- TASK
Could the entries below be reproduced exactly, with the images removed?

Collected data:
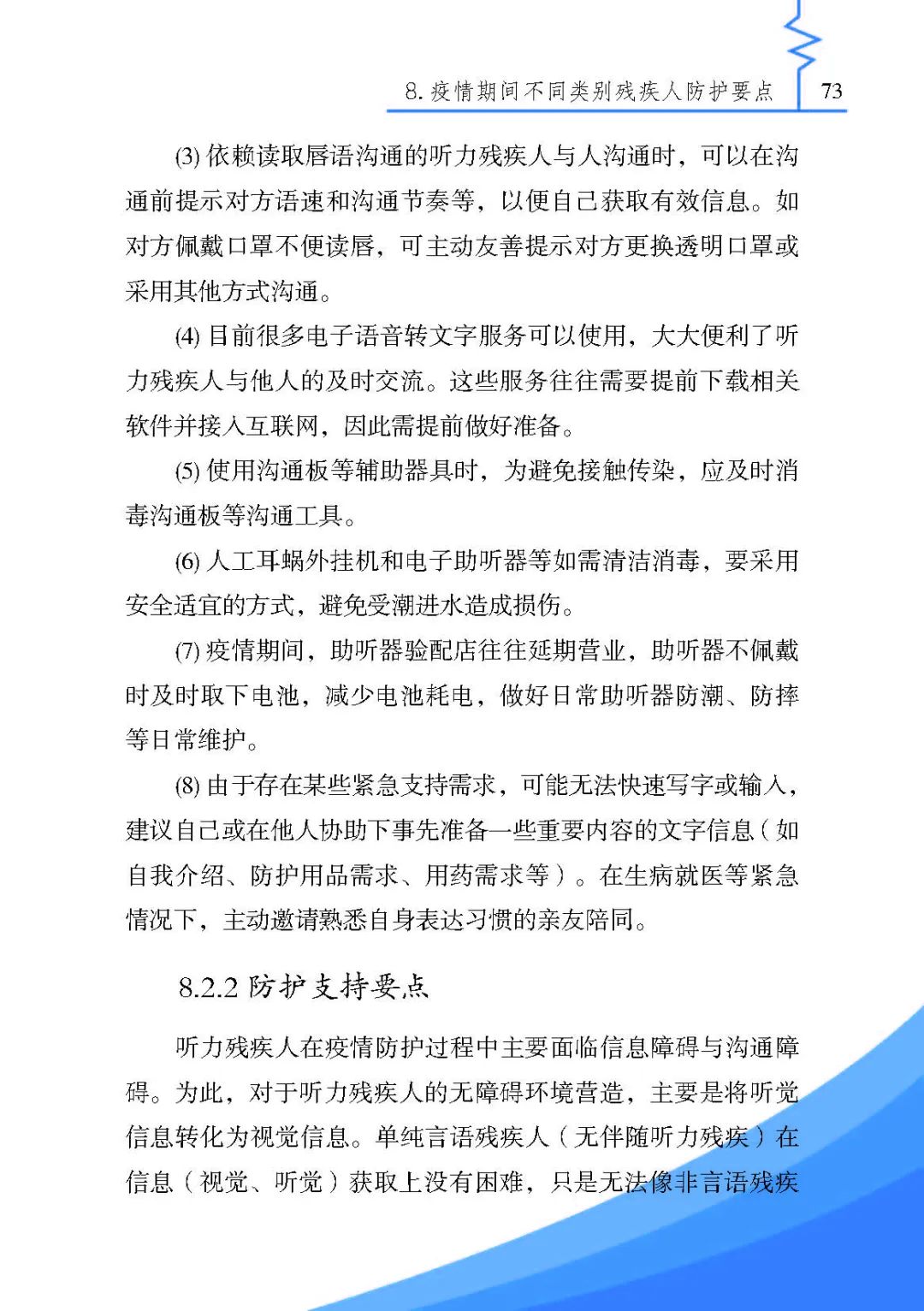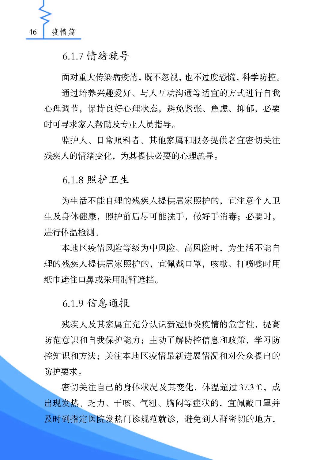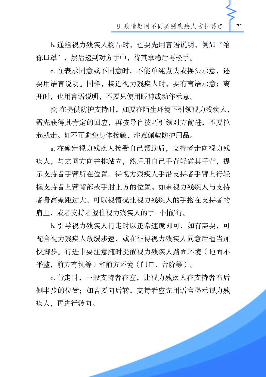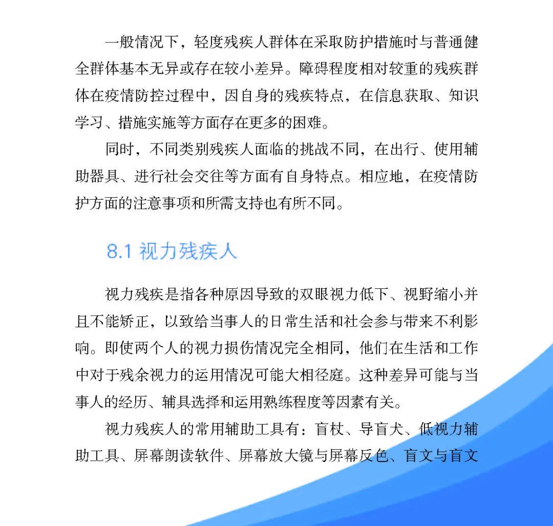 疫情給殘疾人帶來了身心健康、照護、經(jīng)濟等多方面的挑戰(zhàn),日常生活中,殘疾人應(yīng)如何做好防護呢?為做好殘疾人群體疫情防控工作,幫助殘疾人朋友科學(xué)防疫,當(dāng)好自己健康的第一責(zé)任人,中國殘疾人聯(lián)合會組織編寫了《殘疾人安全防護實用手冊·疫情篇》。
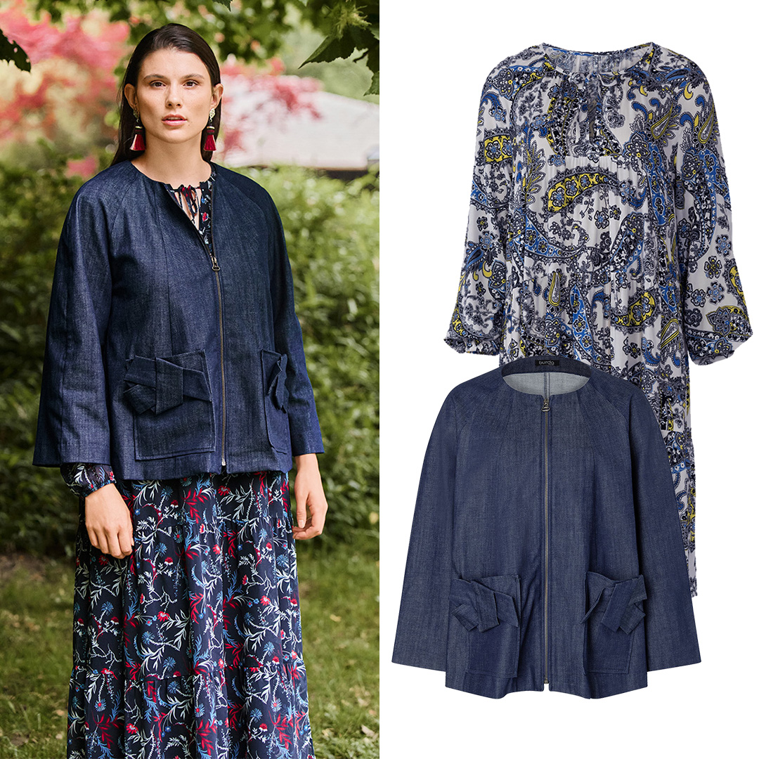 Ця куртка зовсім нова й особлива: якісна джинсова тканина в поєднанні з незвичним кроєм у формі дзвона і вишуканими кишенями у стилі оригамі.
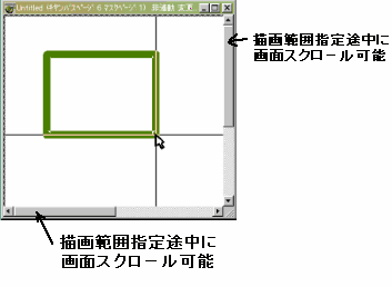 画像を編集する際に必ずしも1画面に収まる大きさの画像だけを編集するとは限りません、もし1画面に収まらない大きな画像を編集している時には、例えば矩形や楕円、直線、ポリゴンフィルを描く時に表示されてる範囲を越えた範囲を描画したい場合他の描画ツールの操作のように始点でマウスボタンを押してドラッグして範囲を指定する方式では範囲指定の途中で画面をスクロールして表示されている範囲を移動することができません、確かにソフトによっては画面の端にマウスポインタが移動すれば自動的にスクルールするソフトもあるようですが、この場合自動的というのが曲者で思ったよりも行き過ぎたり、足りなかったりとなかなか扱いにくかったりします。
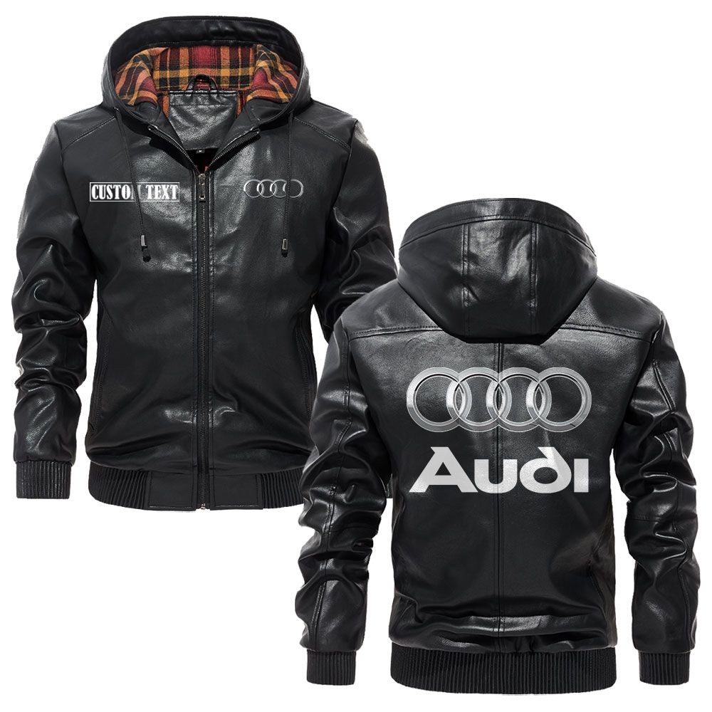 Audi Logo Logo Custom Name Leather Hoodie Jacket Comfortable Personalized Outerwear
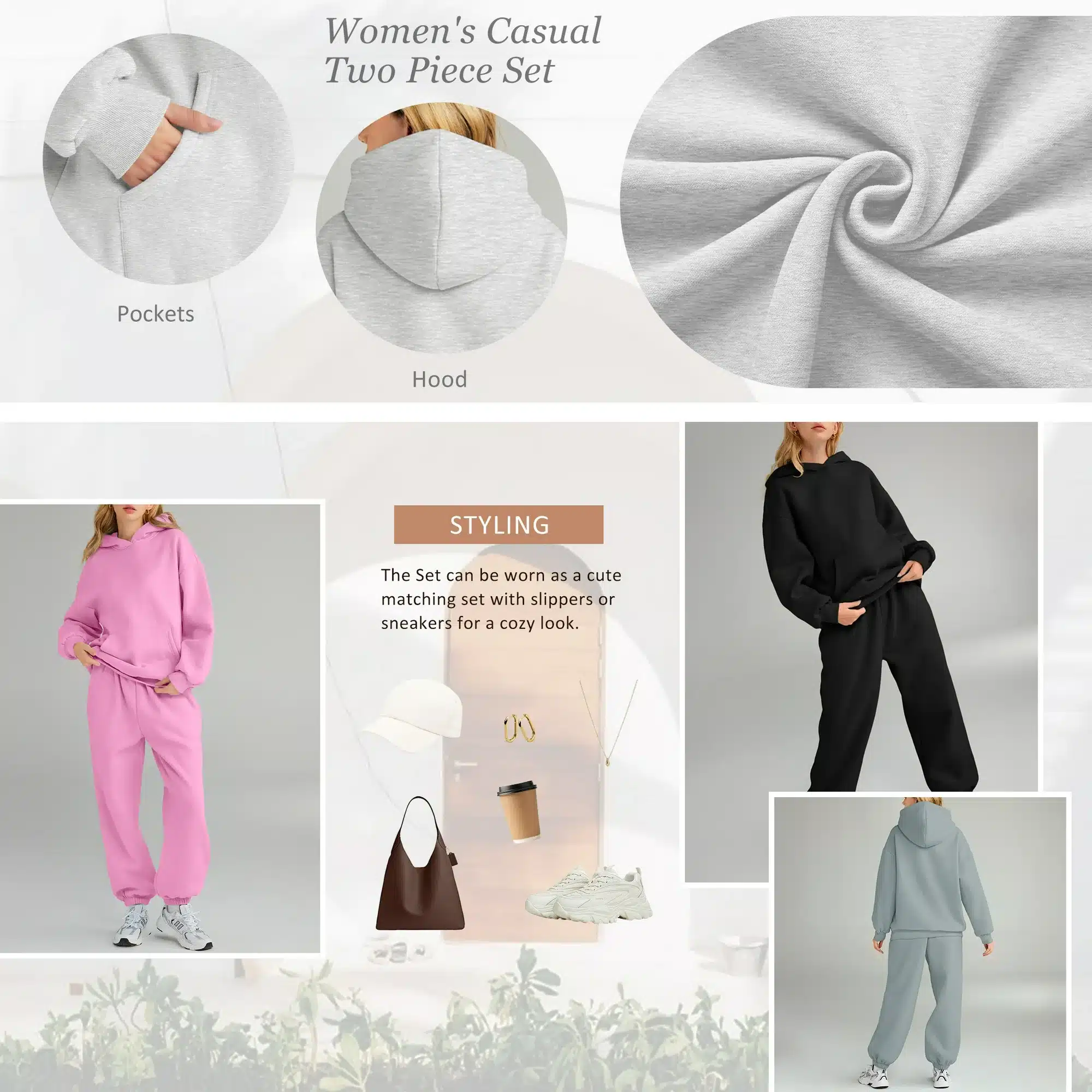 - Versatile Features: Includes an oversized long sleeve hoodie with kangaroo pocket and high waist sweatpants with elastic waistband and drawstring.

- ANSWER SECTION
 疫情給殘疾人帶來了身心健康、照護、經(jīng)濟等多方面的挑戰(zhàn),日常生活中,殘疾人應(yīng)如何做好防護呢?為做好殘疾人群體疫情防控工作,幫助殘疾人朋友科學(xué)防疫,當(dāng)好自己健康的第一責(zé)任人,中國殘疾人聯(lián)合會組織編寫了《殘疾人安全防護實用手冊·疫情篇》。
 Ця куртка зовсім нова й особлива: якісна джинсова тканина в поєднанні з незвичним кроєм у формі дзвона і вишуканими кишенями у стилі оригамі.
 画像を編集する際に必ずしも1画面に収まる大きさの画像だけを編集するとは限りません、もし1画面に収まらない大きな画像を編集している時には、例えば矩形や楕円、直線、ポリゴンフィルを描く時に表示されてる範囲を越えた範囲を描画したい場合他の描画ツールの操作のように始点でマウスボタンを押してドラッグして範囲を指定する方式では範囲指定の途中で画面をスクロールして表示されている範囲を移動することができません、確かにソフトによっては画面の端にマウスポインタが移動すれば自動的にスクルールするソフトもあるようですが、この場合自動的というのが曲者で思ったよりも行き過ぎたり、足りなかったりとなかなか扱いにくかったりします。
 Audi Logo Logo Custom Name Leather Hoodie Jacket Comfortable Personalized Outerwear
 - Versatile Features: Includes an oversized long sleeve hoodie with kangaroo pocket and high waist sweatpants with elastic waistband and drawstring.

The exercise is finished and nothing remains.